The gunmen later abandoned the vehicle and began walking toward the Somali border.

The Ras Kamboni militia group in Somalia, which regularly works with both Somali government and Kenyan military forces, took part of the credit for Monday’s rescue.

Abdinasir Serar, a representative with the group, said they heard of Friday's kidnapping and pursued the kidnappers. The militia members caught up with the kidnappers Monday morning just inside of Somalia.

They killed one of the kidnappers but the other three reportedly escaped.
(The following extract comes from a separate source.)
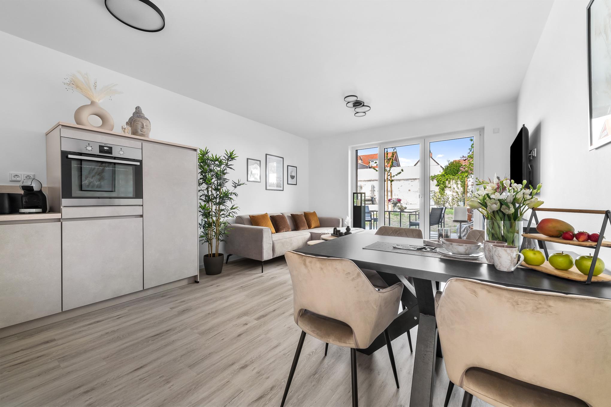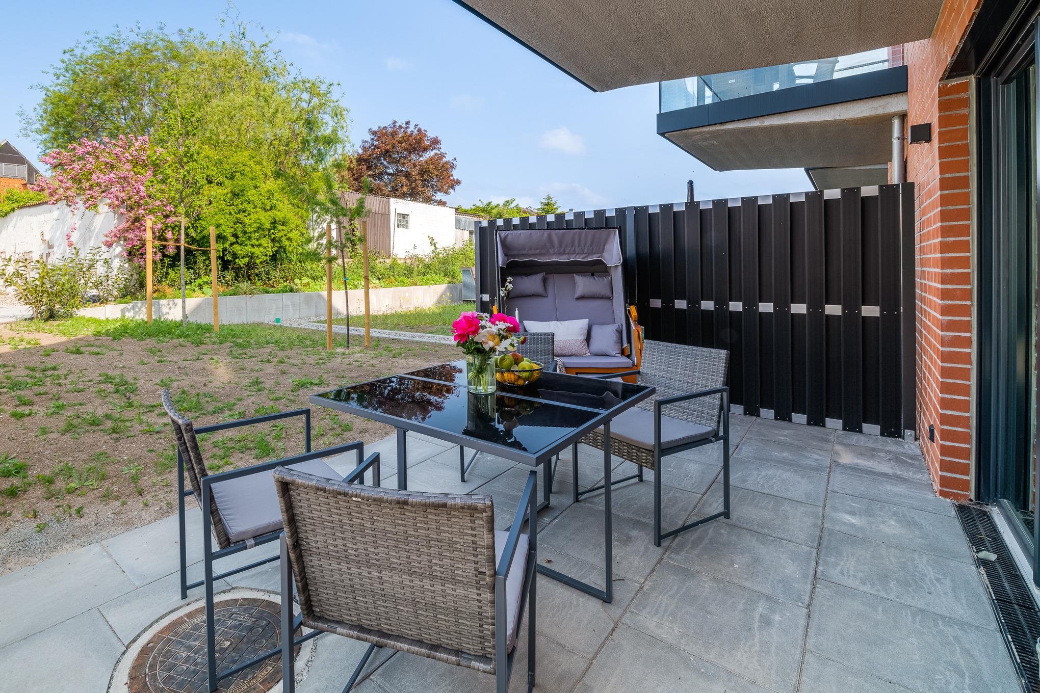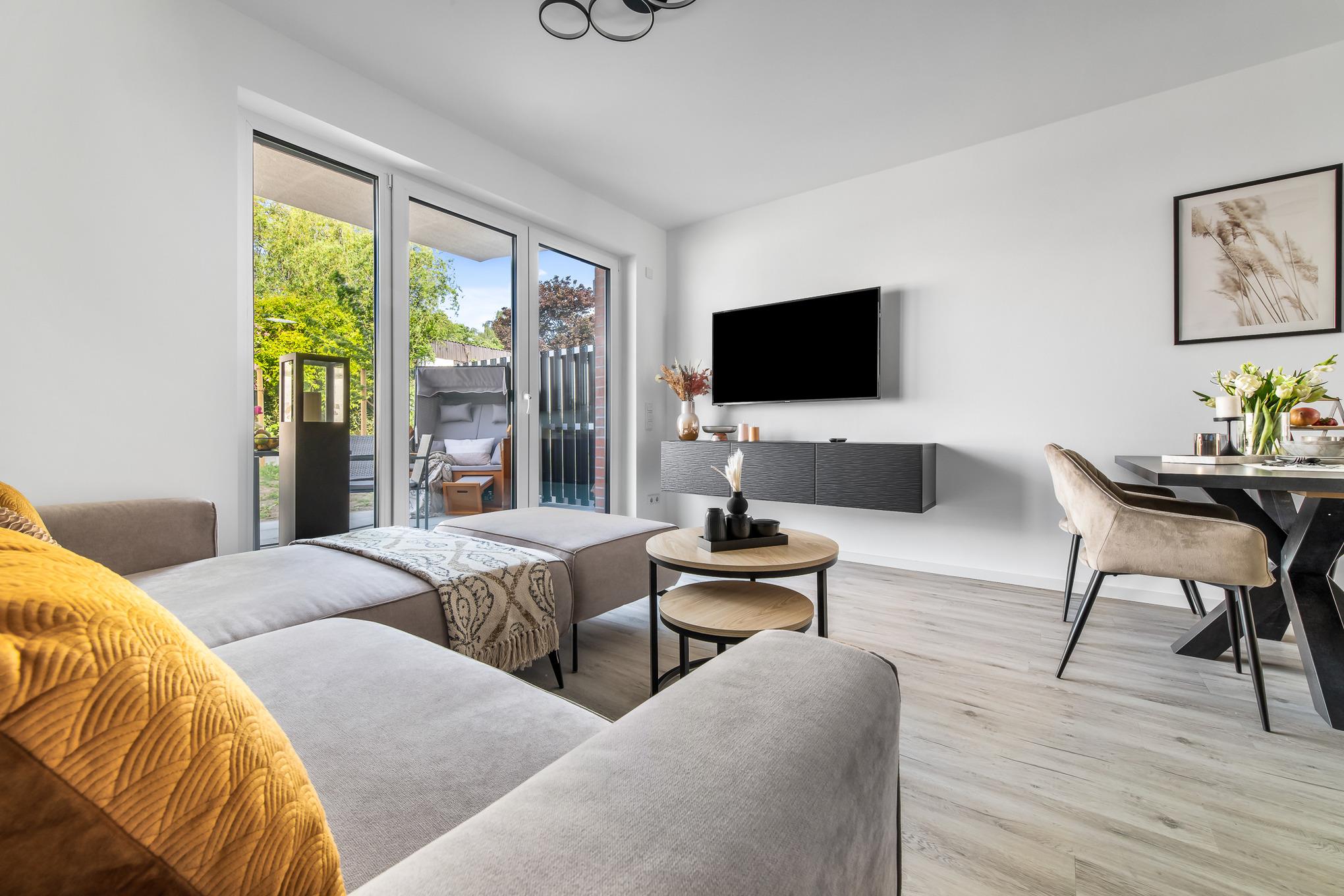 Zu den weiteren Ausstattungsmerkmalen gehören eine möblierte Terrasse und ein gemeinschaftlich nutzbarer, offener Gartenbereich. Die Terrasse der Wohnung schließt direkt an den Wohnbereich an. Diese lädt dazu ein, den Tag mit einer Tasse Kaffee an der frischen Seeluft zu beginnen oder laue Sommerabende entspannt ausklingen zu lassen.

While the kidnappers’ identities have yet to be revealed, CTV’s Roger Smith reported Monday they may have been members of Al Shabaab, a militant group with ties to al Qaeda that has engaged in kidnappings and other attacks in the region.

The four rescued workers were taken to the Somali town of Dhobley and then flown to Nairobi.

Sadazai, who hails from Gatineau, Que., had returned to Kenya in February when she was named deputy director of the Norwegian Refugee Council’s operations in Somalia and Kenya. She had worked in the region for three years beginning in 2007, before spending a couple of years with the agency in Pakistan.

Dennis had worked in Kenya for much of the past year. He is relatively new to the agency, but has worked for several humanitarian organizations, including Doctors Without Borders.

The Dadaab refugee camp was set up in 1991 to house Somalis fleeing violence. It has since become the world's biggest refugee camp, with nearly 500,000 residents.

Rolf Vestvick of the Norwegian Refugee Council said Monday that the council sent the convoy out without armed escorts because they were travelling in a part of the camp that is considered safe.  Also, police and military vehicles havebeen the target of roadside bombs, said Vestvick.

According to Vestvick, the agency scaled down, but did not stop, its operations in the camp over the weekend in the wake of the kidnapping.

“We hope we will be able to continue our work,” Vestvick told CTV News Channel, saying the agency will first thoroughly review its operations.